Tales from Pig countries

Sottotitolo: 
The paradoxal outcome of the Troika prescriptios is that at the end of the fifth years of austerity the budget deficit is equal to or greater than the initial ones for all considered countries.

In recent days, the sovereign debts of the Mediterranean countries are again under scrutiny; reasons for this can be found in the influence of events such as the decision of the German Constitutional Court to verify the Omt (Outright monetary transactions), or declarations of Bernanke on (future) slowdown in U.S. monetary policy.

But in addition there are two facts specific for Greece and Portugal. In Greece, the Troika threats to withhold a tranche of eight billion in loans (by the European ESM) if the government will not prove diligent in applying the recommended therapies from Brussels and Berlin.
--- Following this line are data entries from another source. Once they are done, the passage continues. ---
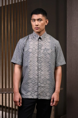 - Kemeja kerah Tegak/Sudut dengan material bertekstur dengan detail print
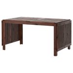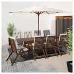 Откидные столешницы легко установить и убрать, что позволяет регулировать размер стола по необходимости. Отверстие в центре столешницы позволяет установить зонт от солнца. Мебель обработана полупрозрачной морилкой в несколько слоев.
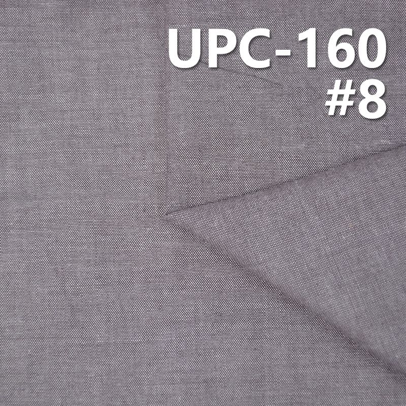 它是一款100%全棉,克重为121g/m²,幅宽为55/56"的染色面料,主要工艺是“全棉+色织”,货号为UPC-160;
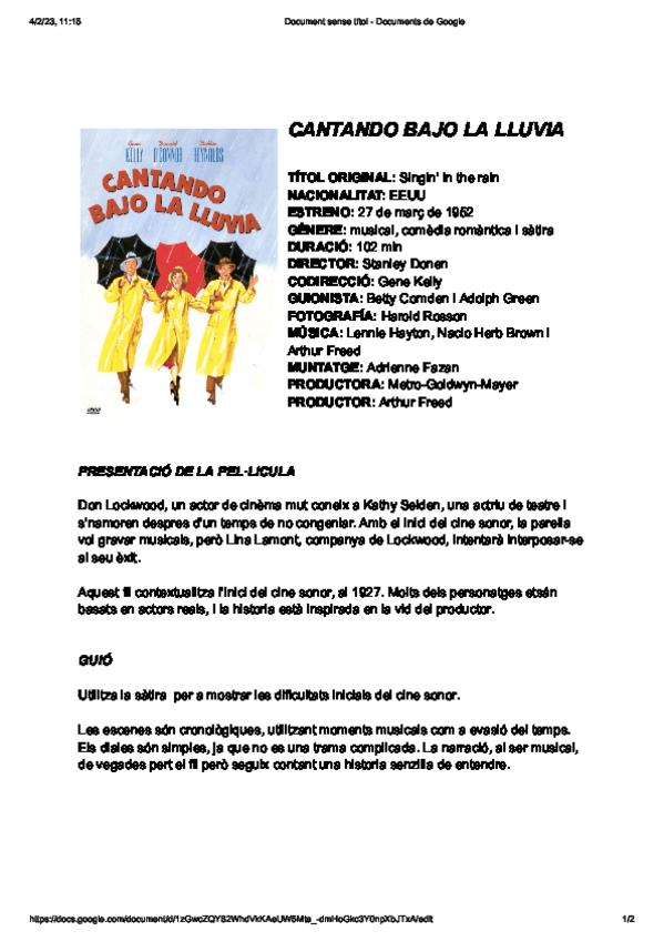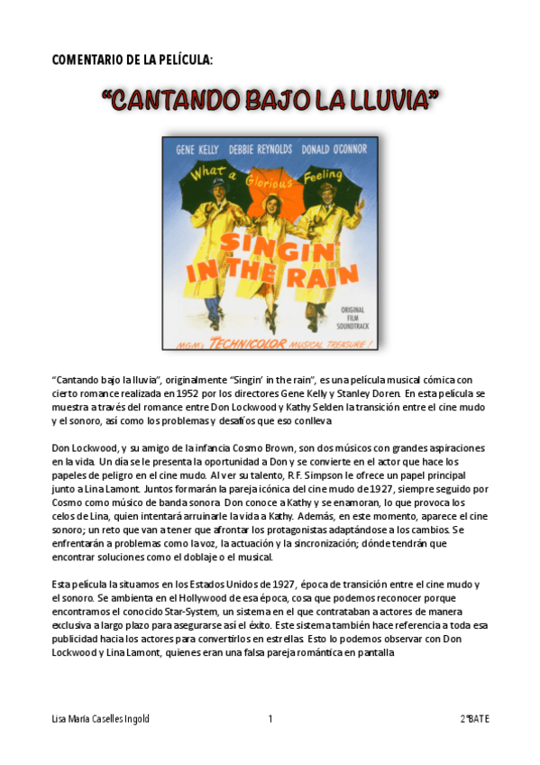 Análisis guiado de la película musical Singin' in the rain (Bailando bajo la lluvia) de 1952 dirigida por Gene Kelly y Stanley Donen.

In Portugal, the coalition government has been rocked by internal tensions of the majority parties, resignation of ministers and possible elections in 2013, after the third year of recession (with a -2.4%); the population does not seem to will continue to be subject to the Troika therapy.

It is worthwhile to take a look at the past five years by the crisis of the three countries that have requested European funding and the IMF (and in the case of Greece, also obtained a partial default of the public debt). Below are the details of the debt-Gdp ratio at the end of 2007, the deficit (always in relation with the Gdp) in the next three years, and finally of the debt at the end of 2012.

 

Debt

                          Deficits

Debt

 

2007

2008

2009

2010

2011

2012

2012

Greece

107.4

9.8

15.6

10.7

9.5

10.0

156.9*

Ireland

  25.1

7.4

13.9

30.8

13.4

7.6

117.6

Portugal

  68.4

3.6

10.2

9.8

4.4

6.4

123.6

    *Net of 100 billion haircut. The Greek deficits are the actual ones, not those declared by the Karamanlis government*

As you can see, the three countries have had some impressive increases in the debt-GDP ratio, taking into account the 100 billion cut in public debt greek. It should be noted that the difference between final and initial debt is much greater than the sum of the five years of deficit; the difference depends on the fall of the denominator, i.e. the Gdp. Even in Greece we would have had the same phenomenon, without the debt haircut. Of course, the cumulative fall in GDP was much higher in Greece (-20%), with respect to what has happened in Ireland and Portugal (-6.1% and -5.8%).

Greece aside, at the end of 2007, Ireland had a very low ratio, and also the Portuguese was slightly above the level of 60% established in Maastricht. With the start of the financial crisis in 2008 there is an increase in deficits in all three countries, reflecting a fall in production in the period 2008-9 which causes a negative sign in the performance of Gdp (-7, 6% in Ireland, 3.3% in Greece, 2.9% in Portugal). The decision of the Irish Government, to assume the debts of the banks, does skyrocket the deficit in 2010. It 's interesting to note that at the end of the fifth year the budget deficit is equal to or greater than the initial ones for all countries.

According to the German view, endorsed by Brussels, Europe's problems are due to fiscal irresponsibility of governments Mediterranean and Greece is the paradigm. This view reverses the historical reality, since the economic crisis is the result of unbridled financial deregulation introduced in the past. The Irish case is the perfect paradigm of a banking crisis due to excessive debts that were shifted on the community. But if we consider the Greek case, where actually after the Olympic games in Athens Karamanlis had resorted to creative financing, we note that in 2010 the deficit had been reduced by five percentage points, a tremendous effort. At that point it was time to stop the fiscal tightening and boost the economy, and, as recognized by the IMF itself, to cut immediately the debt.

Instead, the Troika continued with the line of fiscal austerity, with the result that the fall in GDP (-7.1 in 2011 and -6.4 in 2012) prevented the same deficit to improve. It 's obvious that the strategy of the Troika has deemed to fail. The document of the IMF, however, seems schizophrenic; on the one hand acknowledges that the austerity measures have had an impact on GDP more than three times greater than expected, but on the other hand believes that the same measures were necessary in amount and timing: “the report does not question the overall thrust of policies adopted …. Fiscal adjustment was unavoidable, as was the sharp pace of deficit reduction given that official financing was already at the limit of political feasibility and debt restructuring was initially ruled out. Structural reforms were clearly essential to restoring competitiveness. Some questions can be raised about the types of measures (overly reliant on tax increases) and structural conditionality (too detailed in the fiscal area), but the policies adopted under the program appear to have been broadly correct”.

In conclusion, the three errors of the Troika are: i) reversal of the cause-effect relationship between the financial crisis and public debt, ii) application of austerity policies is wrong, as when doctors used the bloodletting to tuberculosis; iii) recognition that three European countries have a very different economic structure: the ratio of exports to GDP was, in 2012, 104.4 in Ireland, 38.7 in Portugal and 27 in Greece.